2D Models. 2D facial representations like 2D landmarks [17, 22, 29,30,31], action units (AUs) [32], and reference face images [23, 31, 33] are commonly used in talking face generation. Facial landmark detection is defined as the task of localizing and representing salient regions of the face. As shown in Fig. 8.2, facial landmarks are usually composed of points around eyebrows, eyes, nose, mouth, and jawline. As a shape representation of the face, facial landmark is a fundamental component in many face analysis and synthesis tasks, such as face detection [37], face verification [38], face morphing [39], facial attribute inference [40], face generation [41], and face reenactment [29]. Chen et al. [37] showed that aligned face shapes provide better features for face classification. The proposed joint learning of face detection and alignment greatly enhances the capability of real-time face detection.
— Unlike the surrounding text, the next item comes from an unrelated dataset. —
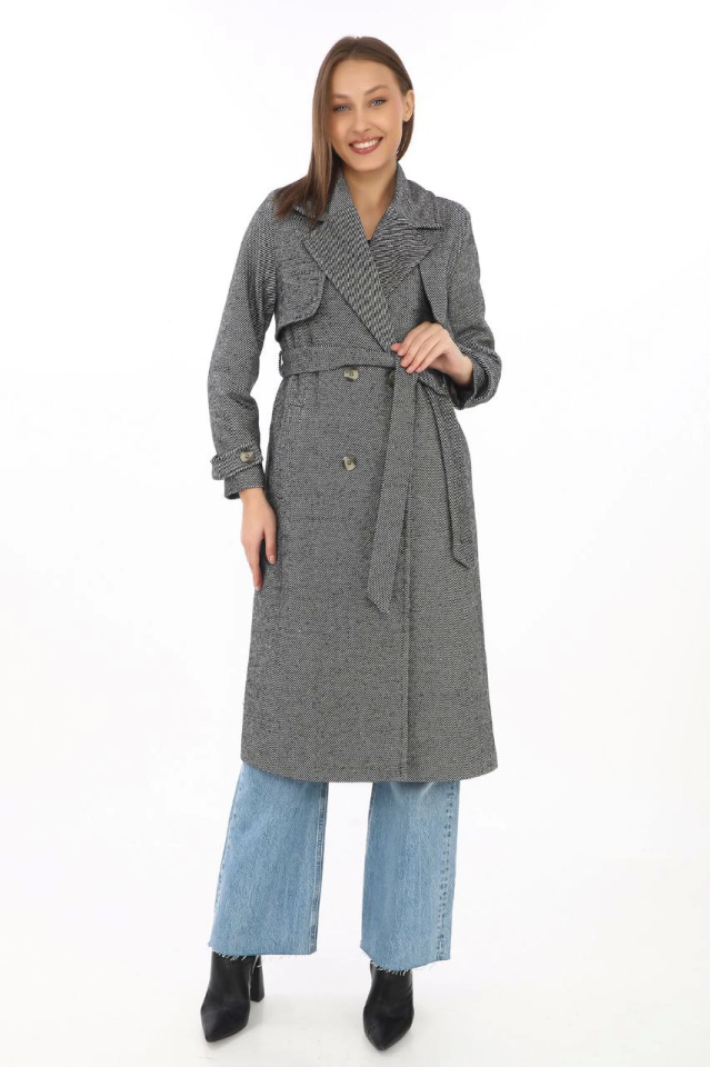 Balık Sırtı Kaşmir Uzun Kaşe Kaban – Boyalı Gri

Chen et al. [38] densely sampled multi-scale descriptors centered at dense facial landmarks and used the concatenated high-dimensional feature for efficient face verification. Seibold et al. [39] presented an automatic morphing pipeline to generate morphing attacks, by warping images according to the corresponding detected facial landmarks and replacing the inner part of the original image. Di et al. [41] presented that the information preserved by landmarks (gender in particular) can be further accentuated by leveraging generative models to synthesize corresponding faces. Lewenberg et al. [40] proposed an approach that incorporates facial landmark information for input images as an additional channel, helping a convolutional neural network (CNN) to learn face-specific features for predicting various traits of facial images. Automatic face reenactment [42] learns to transfer facial expressions from the source actor to the target actor. Wayne et al. proposed ReenactGAN [29] to reenact faces by the facial boundaries constituted by facial landmarks. Conditioned on the facial boundaries, the reenacted face images become more robust to challenging poses, expressions, and illuminations.